Top of Provided material

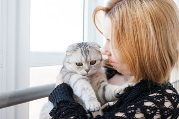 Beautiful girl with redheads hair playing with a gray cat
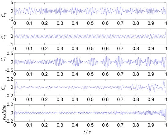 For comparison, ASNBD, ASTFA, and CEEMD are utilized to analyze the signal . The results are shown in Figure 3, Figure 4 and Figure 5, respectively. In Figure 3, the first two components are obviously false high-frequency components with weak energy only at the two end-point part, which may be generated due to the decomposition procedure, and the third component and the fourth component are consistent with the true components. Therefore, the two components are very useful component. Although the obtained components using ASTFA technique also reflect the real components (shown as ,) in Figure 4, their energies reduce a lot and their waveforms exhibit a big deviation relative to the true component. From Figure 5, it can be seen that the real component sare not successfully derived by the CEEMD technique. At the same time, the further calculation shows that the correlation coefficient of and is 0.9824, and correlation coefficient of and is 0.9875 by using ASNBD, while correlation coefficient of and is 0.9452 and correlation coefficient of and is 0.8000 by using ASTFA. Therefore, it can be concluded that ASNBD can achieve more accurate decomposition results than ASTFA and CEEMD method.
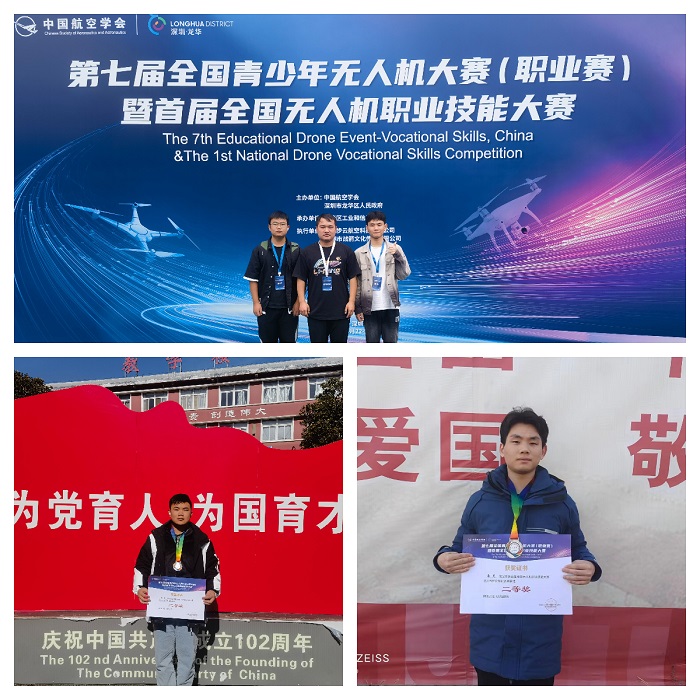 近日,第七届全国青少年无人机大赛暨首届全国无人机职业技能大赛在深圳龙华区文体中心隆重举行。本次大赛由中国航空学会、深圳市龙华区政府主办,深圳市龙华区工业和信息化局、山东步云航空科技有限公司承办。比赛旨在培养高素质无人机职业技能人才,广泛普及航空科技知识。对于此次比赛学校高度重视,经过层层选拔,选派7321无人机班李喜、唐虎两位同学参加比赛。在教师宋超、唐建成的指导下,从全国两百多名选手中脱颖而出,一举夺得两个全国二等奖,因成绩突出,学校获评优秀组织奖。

Bottom of Provided material

### Description of the task
Since pictures are not part of the copy, set down only the remaining data exactly.

### Solution below
 Beautiful girl with redheads hair playing with a gray cat
 For comparison, ASNBD, ASTFA, and CEEMD are utilized to analyze the signal . The results are shown in Figure 3, Figure 4 and Figure 5, respectively. In Figure 3, the first two components are obviously false high-frequency components with weak energy only at the two end-point part, which may be generated due to the decomposition procedure, and the third component and the fourth component are consistent with the true components. Therefore, the two components are very useful component. Although the obtained components using ASTFA technique also reflect the real components (shown as ,) in Figure 4, their energies reduce a lot and their waveforms exhibit a big deviation relative to the true component. From Figure 5, it can be seen that the real component sare not successfully derived by the CEEMD technique. At the same time, the further calculation shows that the correlation coefficient of and is 0.9824, and correlation coefficient of and is 0.9875 by using ASNBD, while correlation coefficient of and is 0.9452 and correlation coefficient of and is 0.8000 by using ASTFA. Therefore, it can be concluded that ASNBD can achieve more accurate decomposition results than ASTFA and CEEMD method.
 近日,第七届全国青少年无人机大赛暨首届全国无人机职业技能大赛在深圳龙华区文体中心隆重举行。本次大赛由中国航空学会、深圳市龙华区政府主办,深圳市龙华区工业和信息化局、山东步云航空科技有限公司承办。比赛旨在培养高素质无人机职业技能人才,广泛普及航空科技知识。对于此次比赛学校高度重视,经过层层选拔,选派7321无人机班李喜、唐虎两位同学参加比赛。在教师宋超、唐建成的指导下,从全国两百多名选手中脱颖而出,一举夺得两个全国二等奖,因成绩突出,学校获评优秀组织奖。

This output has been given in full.